Gary,
PLEASE keep open seating. I travel over 100,000 miles a year on both SWA and AA here in Dallas. One of the worst things on AA is the "trainwreck" they call a boarding process (to be fair, it's the same on all the other non-SWA airlines). Watching the process once I get seated is a nightmare! Maude wants her bag in the overhead near her seat but Doug, who's eight rows back, put his bag there. Now Maude stands around looking for a place to stash her bag, holding up traffic until she has to head upstream and give it to the folks on the ramp to take below. Flight attendants are uncomfortable telling people to sit the heck down because - well - they need to be in "their" seat rather than the empty chair they're standing right next to. Finally, open seating introduces yet another common phenomenon: the guy who knows he has seat 6B so he waited until the plane was about to take off before running to the airport. With open seating, it's "so long, sucker" to that guy. I could go on...suffice it to say that I have now adopted a policy of closing my eyes until the cabin door is shut and everyone's seated on AA because I simply cannot stand to watch the boarding process anymore. During the same time on SWA, I'm usually striking up a great conversation with the person next to me, making the whole SWA experience more friendly, engaging, and enjoyable.

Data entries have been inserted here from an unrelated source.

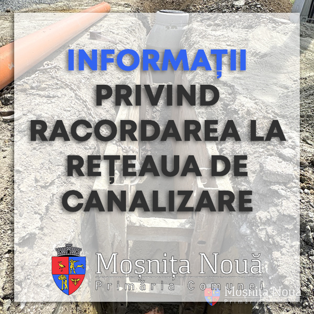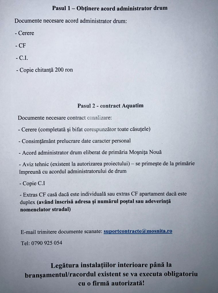 💧 Pentru racordarea la rețeaua de canalizare, vă puteți prezenta la 📍 Registratura Primăriei Comunei Moșnița Nouă în vederea obținerii acordului administratorului de drum (aviz de spargere).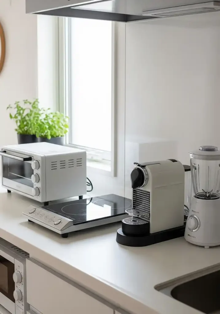 Invest in a slim two-slice toaster instead of four, a compact espresso machine instead of a full drip system, a mini food processor instead of a full-size one. The market for compact, high-quality appliances is absolutely booming — brands like Fellow, Breville, and Cuisinart all make stunning small-footprint versions of everything you love. Store what you don’t use daily in lower cabinets or up high. Your countertop should be a working space with breathing room, not an appliance showroom.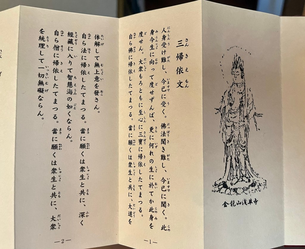 The liturgy to the left of the illustration is a form of Taking Refuge in the Three Treasures (san-ki-é-mon, 三帰依文) done in a more native-Japanese style, than the Sino-Japanese version I posted here. Both versions are perfectly valid and are chanted.

BTW - folks may not like the "mayhem" at the SWA gate area but, in my view, it's a "pay-me-now or pay-me-later" kind of thing. I'd rather take some jostling and confusion in the relatively large air-conditioned boarding area than have the continuous struggle in the cramped, one-aisle airplane where your excellent flight attendants will now find themselves hamstrung to do much to accelerate the process because - hey, it's the customer's assigned seat.

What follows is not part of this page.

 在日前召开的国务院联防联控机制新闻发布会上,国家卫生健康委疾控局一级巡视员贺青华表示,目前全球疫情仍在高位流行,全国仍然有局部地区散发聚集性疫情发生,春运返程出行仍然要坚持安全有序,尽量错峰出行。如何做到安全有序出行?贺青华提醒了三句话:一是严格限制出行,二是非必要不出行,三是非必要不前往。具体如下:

Good luck as you make the choice. Please know that the more you become like "them", the less compelling your value proposition becomes for "us".
Joe
P.S. I'm not an airline operations expert but I really have a hard time believing even Southwest can load an "assigned seat" aircraft as fast as it does a "open seating" plane today. I hope someone in Operations is traveling on other airlines to see what a disaster it is (and it only seems to get worse with higher load factors).